_Records excerpted from a collection_
────────────────────────────────────────
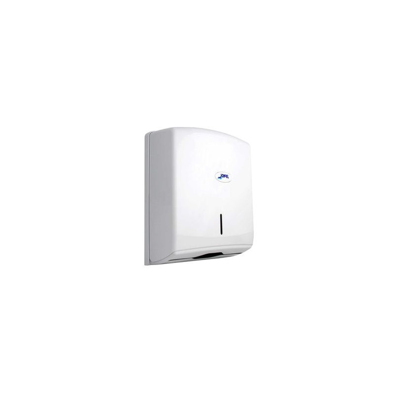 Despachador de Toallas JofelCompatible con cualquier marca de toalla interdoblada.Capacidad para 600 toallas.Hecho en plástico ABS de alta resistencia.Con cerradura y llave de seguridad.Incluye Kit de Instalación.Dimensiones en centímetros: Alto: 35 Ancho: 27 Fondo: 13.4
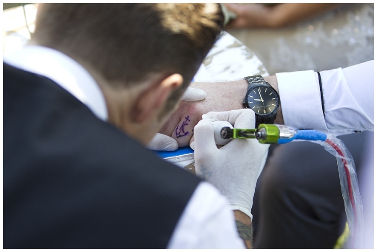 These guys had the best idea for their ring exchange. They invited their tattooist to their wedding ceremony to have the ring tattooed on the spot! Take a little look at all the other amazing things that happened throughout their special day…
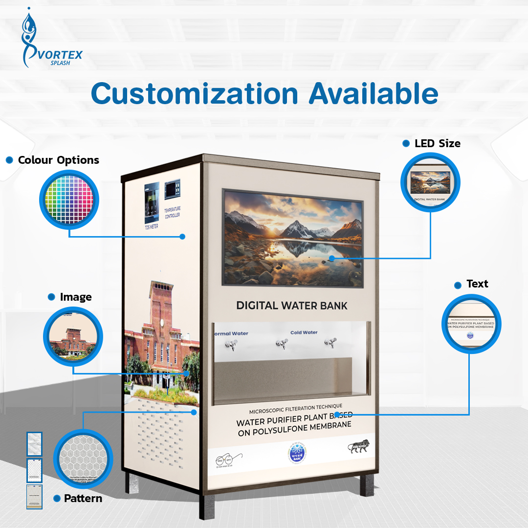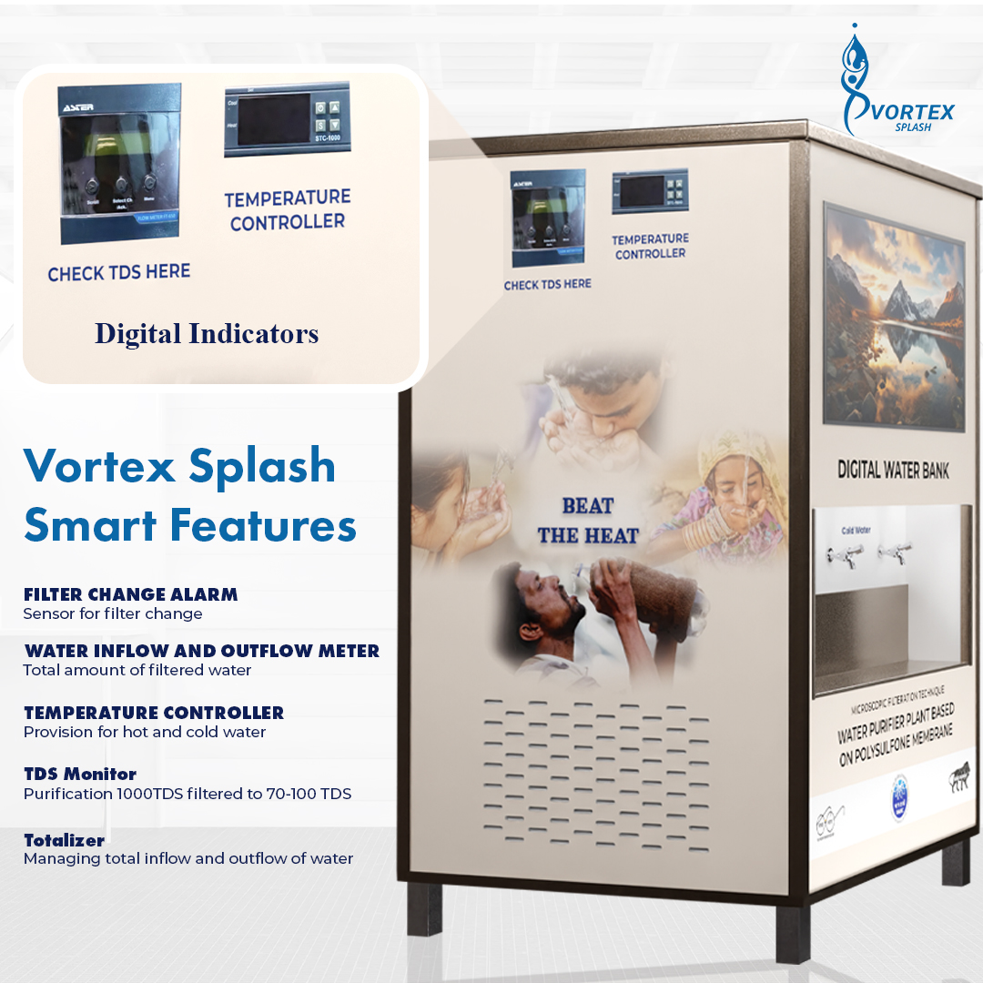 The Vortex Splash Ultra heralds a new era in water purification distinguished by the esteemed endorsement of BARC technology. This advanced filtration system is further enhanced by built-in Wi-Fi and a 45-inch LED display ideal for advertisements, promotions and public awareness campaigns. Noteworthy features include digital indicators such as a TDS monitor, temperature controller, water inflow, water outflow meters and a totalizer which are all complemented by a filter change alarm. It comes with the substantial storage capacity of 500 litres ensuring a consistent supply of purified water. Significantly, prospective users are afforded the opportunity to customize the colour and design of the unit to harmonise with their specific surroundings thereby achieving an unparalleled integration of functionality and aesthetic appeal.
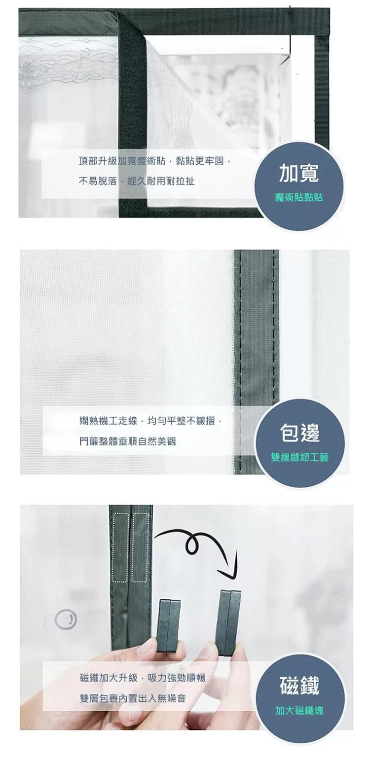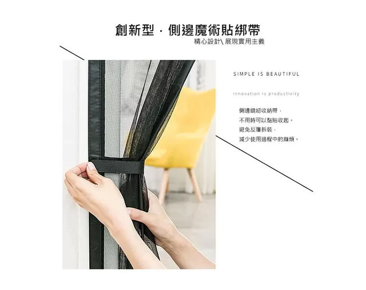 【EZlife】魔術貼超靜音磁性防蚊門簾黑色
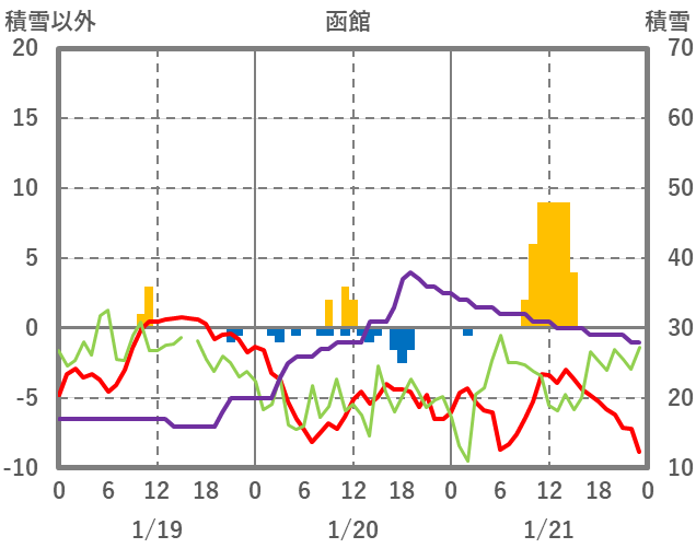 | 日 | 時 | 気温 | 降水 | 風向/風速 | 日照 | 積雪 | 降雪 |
────────────────────────────────────────
_EXERCISE DESCRIPTION_
Each line from the one holding "The Vortex Splash" down to the end of the records is to be reproduced unaltered, and the pictures are to be omitted.

_REPLY_
 The Vortex Splash Ultra heralds a new era in water purification distinguished by the esteemed endorsement of BARC technology. This advanced filtration system is further enhanced by built-in Wi-Fi and a 45-inch LED display ideal for advertisements, promotions and public awareness campaigns. Noteworthy features include digital indicators such as a TDS monitor, temperature controller, water inflow, water outflow meters and a totalizer which are all complemented by a filter change alarm. It comes with the substantial storage capacity of 500 litres ensuring a consistent supply of purified water. Significantly, prospective users are afforded the opportunity to customize the colour and design of the unit to harmonise with their specific surroundings thereby achieving an unparalleled integration of functionality and aesthetic appeal.
 【EZlife】魔術貼超靜音磁性防蚊門簾黑色
 | 日 | 時 | 気温 | 降水 | 風向/風速 | 日照 | 積雪 | 降雪 |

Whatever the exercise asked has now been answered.